Material supplied >>
++++
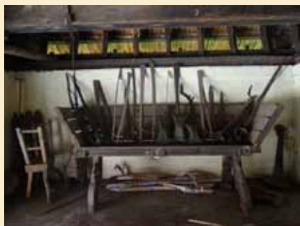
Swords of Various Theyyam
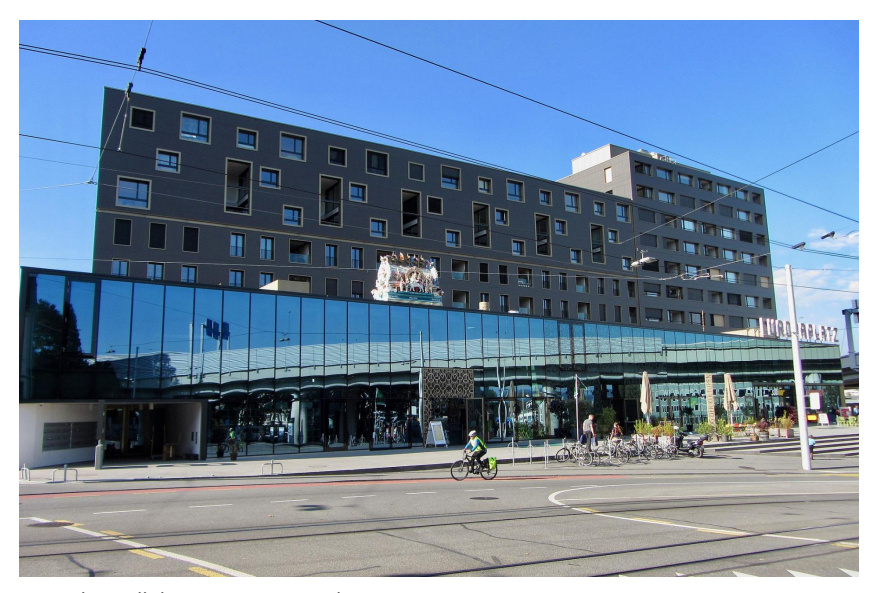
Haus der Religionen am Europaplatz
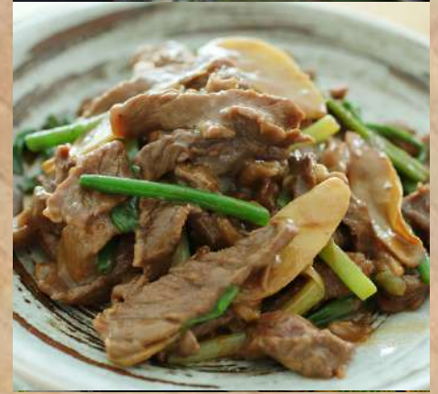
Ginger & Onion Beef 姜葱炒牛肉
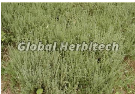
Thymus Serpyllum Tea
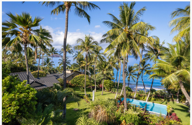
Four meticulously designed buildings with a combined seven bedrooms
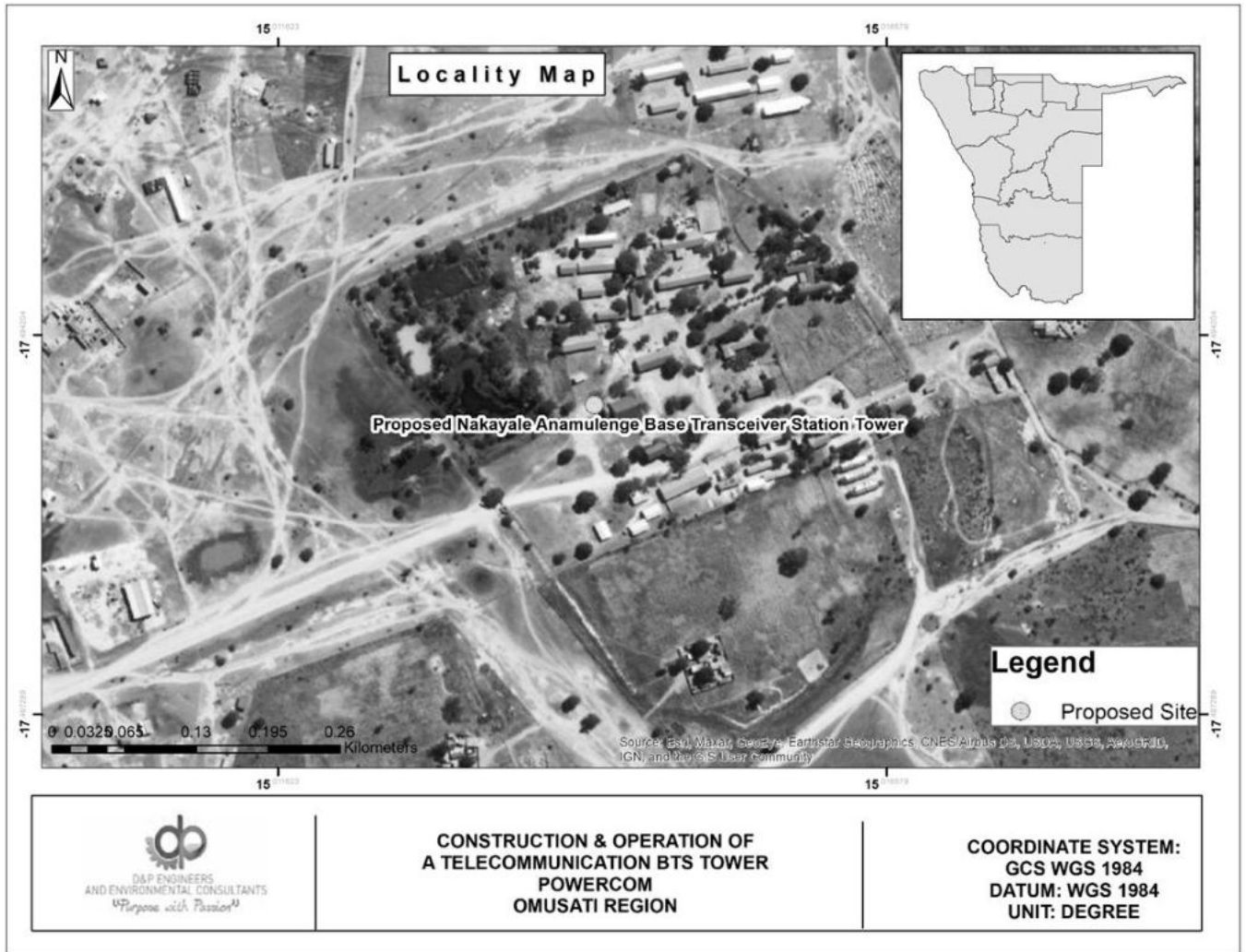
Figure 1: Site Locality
++++
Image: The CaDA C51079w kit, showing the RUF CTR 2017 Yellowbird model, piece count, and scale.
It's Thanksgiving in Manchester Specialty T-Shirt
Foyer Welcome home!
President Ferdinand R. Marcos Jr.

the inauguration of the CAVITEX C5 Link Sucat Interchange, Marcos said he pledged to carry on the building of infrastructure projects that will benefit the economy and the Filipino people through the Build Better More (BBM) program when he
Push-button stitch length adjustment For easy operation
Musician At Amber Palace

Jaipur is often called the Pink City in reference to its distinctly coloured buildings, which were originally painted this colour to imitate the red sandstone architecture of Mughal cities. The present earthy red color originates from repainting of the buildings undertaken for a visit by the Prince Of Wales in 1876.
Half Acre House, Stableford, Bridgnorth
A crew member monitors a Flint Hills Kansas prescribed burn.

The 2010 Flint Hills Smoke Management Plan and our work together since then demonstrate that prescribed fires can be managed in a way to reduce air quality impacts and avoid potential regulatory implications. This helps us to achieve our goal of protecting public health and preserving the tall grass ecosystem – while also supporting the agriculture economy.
++++
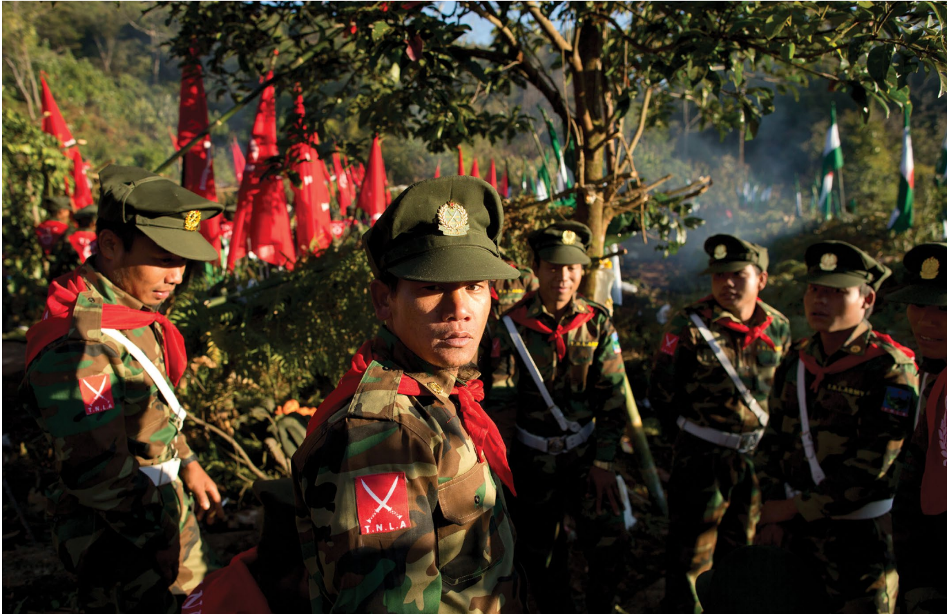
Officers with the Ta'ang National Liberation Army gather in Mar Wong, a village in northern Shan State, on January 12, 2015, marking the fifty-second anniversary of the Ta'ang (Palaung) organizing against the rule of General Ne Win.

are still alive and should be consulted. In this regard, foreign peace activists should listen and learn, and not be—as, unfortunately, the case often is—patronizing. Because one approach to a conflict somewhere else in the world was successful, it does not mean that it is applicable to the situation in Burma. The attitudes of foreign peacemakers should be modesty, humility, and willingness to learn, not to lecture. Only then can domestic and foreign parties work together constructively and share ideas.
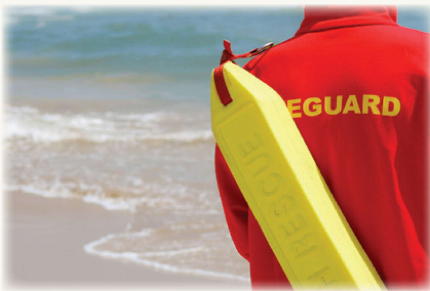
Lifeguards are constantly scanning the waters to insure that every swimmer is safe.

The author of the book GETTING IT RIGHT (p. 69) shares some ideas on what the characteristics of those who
++++
Task to complete >>
Going down the listing above, begin printing at the line with "Foyer Welcome home!" and finish with the line with "Musician At Amber Palace", exactly as they appear.

Problem solution >>
Foyer Welcome home!
President Ferdinand R. Marcos Jr.

the inauguration of the CAVITEX C5 Link Sucat Interchange, Marcos said he pledged to carry on the building of infrastructure projects that will benefit the economy and the Filipino people through the Build Better More (BBM) program when he
Push-button stitch length adjustment For easy operation
Musician At Amber Palace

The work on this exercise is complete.